Although this note, in view of Lord Alverstone's extended discussion of the third proposition, is principally concerned therewith, something may be said with reference to the first and second as well.

I.

Not the least element of interest in WEST RAND CENT. GOLD MIN. Co. v. REX is the concurrence of the court in the proposition that the established principles and usages of international law form part of the law of England. For an interesting discussion of this case and the earlier English decisions on the question, see article by Professor Westlake, entitled "Is International Law a Part of the Law of England," in 22 Law Quarterly Review, 14.

In the United States, international law has been considered as part of the law of the land, not only in admiralty and prize cases (see Talbot v. Seeman (1801) 1 Cranch, 1, 2 L. ed. 15, s. c. on former appeal 4 Dall. 34, 1 L. ed. 730; Murray v. The Charming Betsy (1804) 2 Cranch, 64, 2 L. ed. 208; 30 Hogsheads of Sugar v. Boyle (1815) 9 Cranch, 191, 3 L. ed. 701; The Nereide (1815) 9 Cranch, 388, 3 L. ed. 769; The Antelope (1825) 10 Wheat. 66, 6 L. ed. 268; The Scotia (1871) 14 Wall. 170, 20 L. ed. 822; The Habana (1899) 175 U. S. 677, 44 L. ed. 320, 20 Sup. Ct. Rep. 290; United States v. The Active (1814) 4 N. C. (2 Car. Law. Repos. 192), Fed. Cas. No. 14,420), but also in cases of a purely municipal character (see Respublica v.
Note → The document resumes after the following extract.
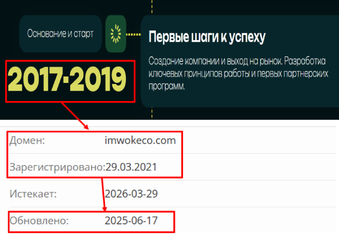 - период запуска работы компании – пишут, что брокер был основан в 2017 году, а проверка истории сайта показывает, что его зарегистрировали в 2021 году, а купили наши герои домен буквально месяц назад (https://www.whois.com/whois/imwokeco.com);

De Longchamps (1784) 1 Dall. 111, 1 L. ed. 59; Kennett v. Chambers (1852) 14 How. 38, 14 L. ed. 316; Underhill v. Hernandez (1895) 38 L.R.A. 405, 13 C. C. A. 51, 26 U. S. App. 573, 65 Fed. 577, affirmed in 168 U. S. 250, 42 L. ed. 456, 18 Sup. Ct. Rep. 83; Hatch v. Baez (1876) 7 Hun, 596).

Accordingly, it has been held that an act of Congress ought never to be construed to violate the law of nations if any other possible construction remains. Murray v. The Charming Betsy (1804) 2 Cranch, 64, 2 L. ed. 208; Ex parte Blumer (1865) 27 Tex. 734.

So, also, in Hilton v. Guyot (1894) 159 U. S. 113, 40 L. ed. 95, 16 Sup. Ct. Rep. 139, it is declared by Mr. Justice Gray that "international law in its widest and most comprehensive sense-including not only questions of right between nations, governed by what has been appropriately called the law of nations; but also questions arising under what is usually called private international law, or the conflict of laws, and concerning the rights of persons within the territory and dominion of one nation, by reason of acts, private or public, done within the dominions of another nation-is part of our law, and must be ascertained and administered by the courts of justice, as often as such questions are presented in litigation between man and man, duly submitted to their determination."